Health care reformers say conditions will grow even worse as a result of “three strikes.”

“I expect it’s going to deteriorate even further,” said Meena V. Meenakshi, who quit her post as chief psychiatrist at Vacaville in protest of conditions. “They’re not geared to taking care of the people who are there already.”

Advertisement

Take the case of Davey, who was locked in a unit reserved for the most deranged inmates. In bare concrete cells behind a double set of steel doors, they are guarded by correctional officers who wear armored vests and goggles as protection against attacks and hurled feces and urine.

Four days after overdosing, Davey tried to hang himself with a sheet. The suicide attempt left him a quadriplegic with the mind of a child.

Davey’s mother, Alice Harris, said that during the next three years she wrote to prison officials and politicians attempting to get her son released as his limbs contracted from atrophy.

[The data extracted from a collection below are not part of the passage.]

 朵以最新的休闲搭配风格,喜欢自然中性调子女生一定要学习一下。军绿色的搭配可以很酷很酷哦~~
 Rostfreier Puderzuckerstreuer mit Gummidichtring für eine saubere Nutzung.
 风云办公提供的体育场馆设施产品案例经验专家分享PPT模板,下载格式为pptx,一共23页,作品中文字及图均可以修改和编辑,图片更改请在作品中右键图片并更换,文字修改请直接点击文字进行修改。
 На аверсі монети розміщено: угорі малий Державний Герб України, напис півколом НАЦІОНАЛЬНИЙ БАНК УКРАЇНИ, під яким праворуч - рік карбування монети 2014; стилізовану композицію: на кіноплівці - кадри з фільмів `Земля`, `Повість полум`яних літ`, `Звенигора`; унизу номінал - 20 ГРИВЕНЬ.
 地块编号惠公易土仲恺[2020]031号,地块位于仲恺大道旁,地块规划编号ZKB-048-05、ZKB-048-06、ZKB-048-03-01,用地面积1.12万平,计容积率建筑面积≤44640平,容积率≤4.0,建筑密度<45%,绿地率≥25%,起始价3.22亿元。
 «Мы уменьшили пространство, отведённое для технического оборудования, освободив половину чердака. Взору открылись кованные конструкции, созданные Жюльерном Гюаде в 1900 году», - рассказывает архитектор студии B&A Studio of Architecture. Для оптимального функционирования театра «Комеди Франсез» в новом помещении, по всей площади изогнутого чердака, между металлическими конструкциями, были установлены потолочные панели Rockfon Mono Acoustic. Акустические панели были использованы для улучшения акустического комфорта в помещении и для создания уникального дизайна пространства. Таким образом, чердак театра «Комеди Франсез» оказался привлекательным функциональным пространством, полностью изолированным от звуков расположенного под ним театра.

State records indicate that prison medical personnel stopped giving him physical therapy.

Finally, Yolo County Superior Court Judge James Stevens, the jurist who sentenced Davey to prison, intervened. “Prison wasn’t having any effect on him,” the judge recalled, “because he didn’t know where he was.” Stevens also believed that releasing Davey was a “question of common decency.”

After an inquiry from the judge, a state investigator found Davey barely able to speak. In response to a question, he managed to say, “I’ve been a good, good boy.”

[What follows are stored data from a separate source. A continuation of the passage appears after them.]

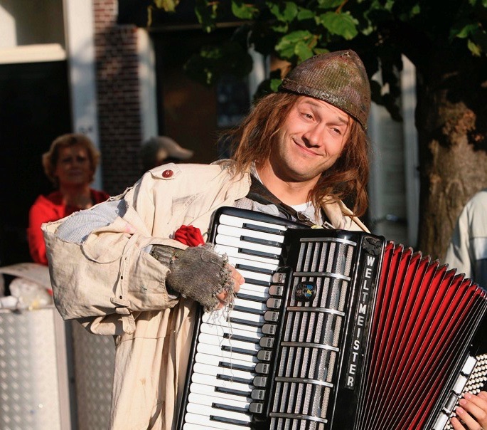 We traden binnen in het walking dinner-gedeelte met statafels, heerlijke zitjes en loungebanken. Details zoals een clochard die accordeon speelde op het parkeerterrein, een grappige toiletjuffrouw en niet te vergeten de verschrikkelijk foute ober maakten het feest af. Herman den Blijker had voor een aantal bijzondere gerechten gezorgd die erg goed in de smaak vielen. De bruid kon geen genoeg krijgen van de truffelsoep.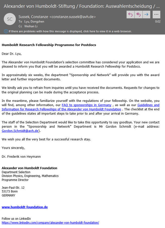 近年来,温州市委市政府高度重视人才和科技创新工作,持续实施战略人才引育与人才体制机制改革。温州大学机电工程学院高度重视青年教师培养,积极提供丰富的学术资源、搭建国际合作交流平台,助力成长与发展。吕东祯博士成功申请到洪堡基金资助是学院人才培养工作的阶段性成果。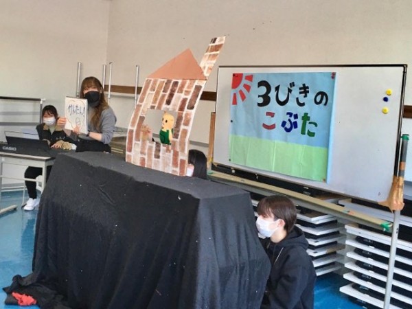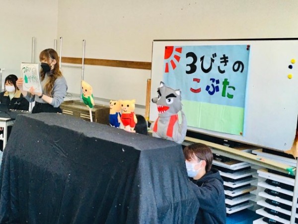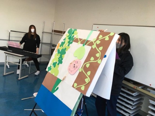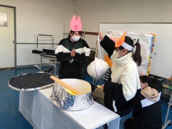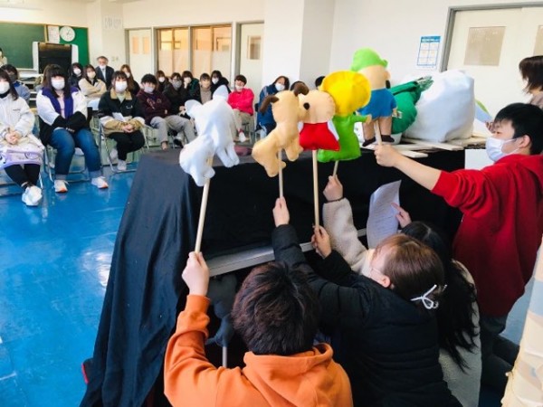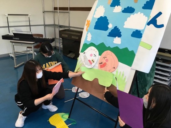 こども環境科1・2年生は、2月に学びの集大成として、子どもたちの前で人形劇や参加型劇遊びの実践発表を行ないます。

Sent home to Sacramento in March, 1993, Davey is now on probation for life and under the care of his mother.

Advertisement

A lawsuit filed by attorney Christopher T. Cody of Oakland accuses prison officials of failure to take steps to prevent Davey’s suicide attempt, failure to provide proper medical care, and operation of substandard medical facilities at Vacaville.

The Corrections Department denies the charges and says Davey was under close supervision before the hanging.

In Chino, 400 miles to the south, the once-ferocious killer Carlos Fonseca is kept in a locked prison hospital cell, where he is diapered like an infant.

His wife, Janice, clings to the hope that someday she will be able to take him home and care for him. She says he is no longer physically or mentally capable of crime and has no idea why he is in prison.

“He continually asks me why,” she said.